Last week the price of crude oil lost almost 10% pushing our composite indicator that is constructed from the trends in gold, crude oil and yields on the 10 year Treasury back below the extreme line. See figure 1 a weekly chart of the S&P500 with the indicator in the lower panel.
Figure 1. S&P500/ weekly
Although the value is not in the extreme zone, it still remains high. Of further note is the recent "saw tooth" pattern seen in the indicator. One week it is up and next week it is down; this is not typical. However, this pattern was last seen in late 2003 leading up to the January, 2004 immediate term market top.

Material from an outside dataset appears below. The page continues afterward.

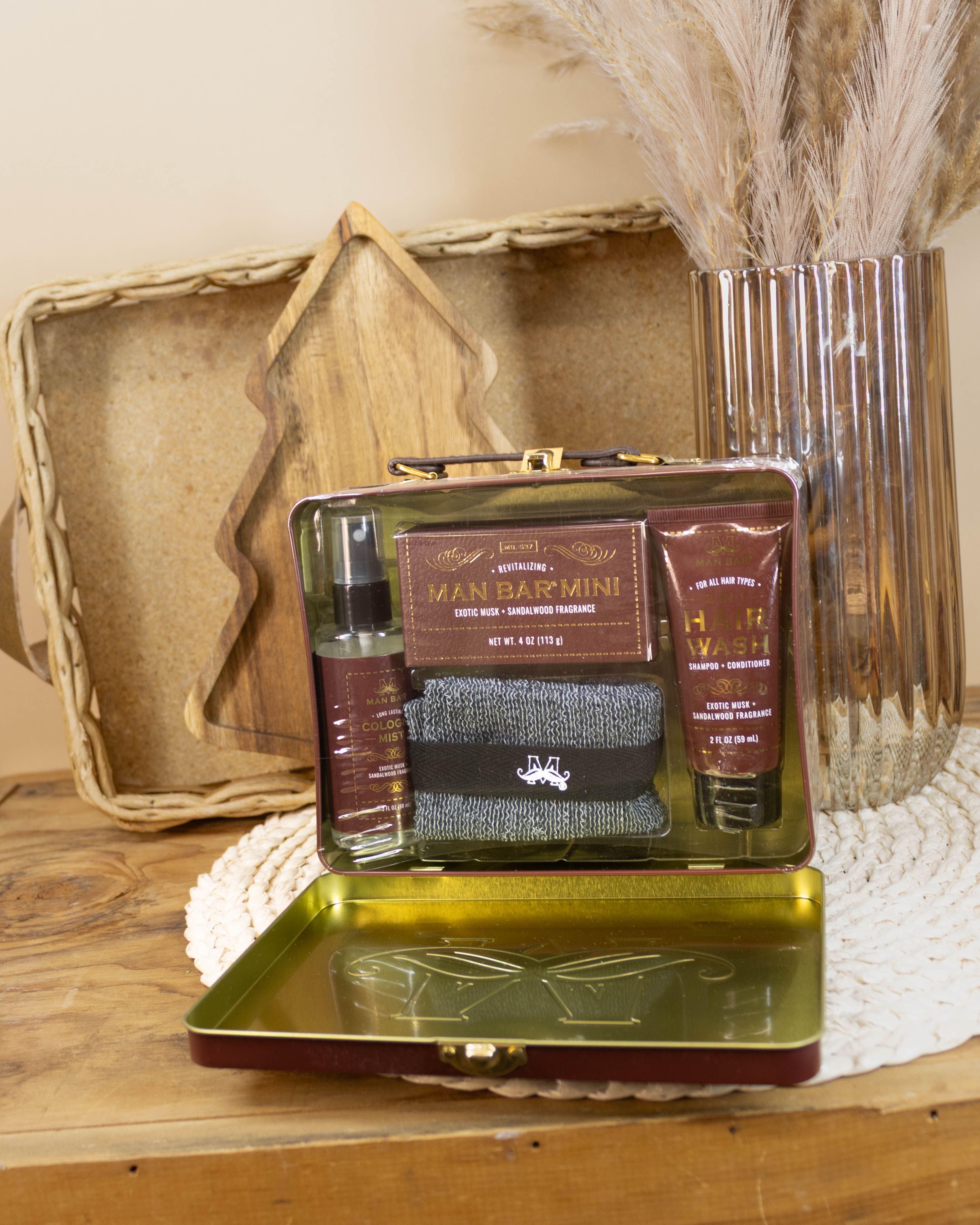Each Man Bar® Travel Kit includes four elevated grooming essentials, thoughtfully packed in a reusable tin with a leather-style handle:

See figure 2. a weekly chart with the indicator in the lower panel.
Figure 2. S&P500/ weekly
Similarities between the current market environment and that one are well documented: 1) the equity markets were on a tear from March to December; 2) the Dollar Index was in a protracted down trend over the same time period; 3) the Dollar was undergoing a contra-trend rally in early January, 2004, and it appears the Dollar Index is starting another short term rally here.
Like year end 2003, I have been starting to see many technical similarities, such as the clustering of negative divergences. Back in 2003, this pattern led to a blow off and the intermediate term top in January, 2004. This is the outlier trade that I have been referring to for the past several weeks.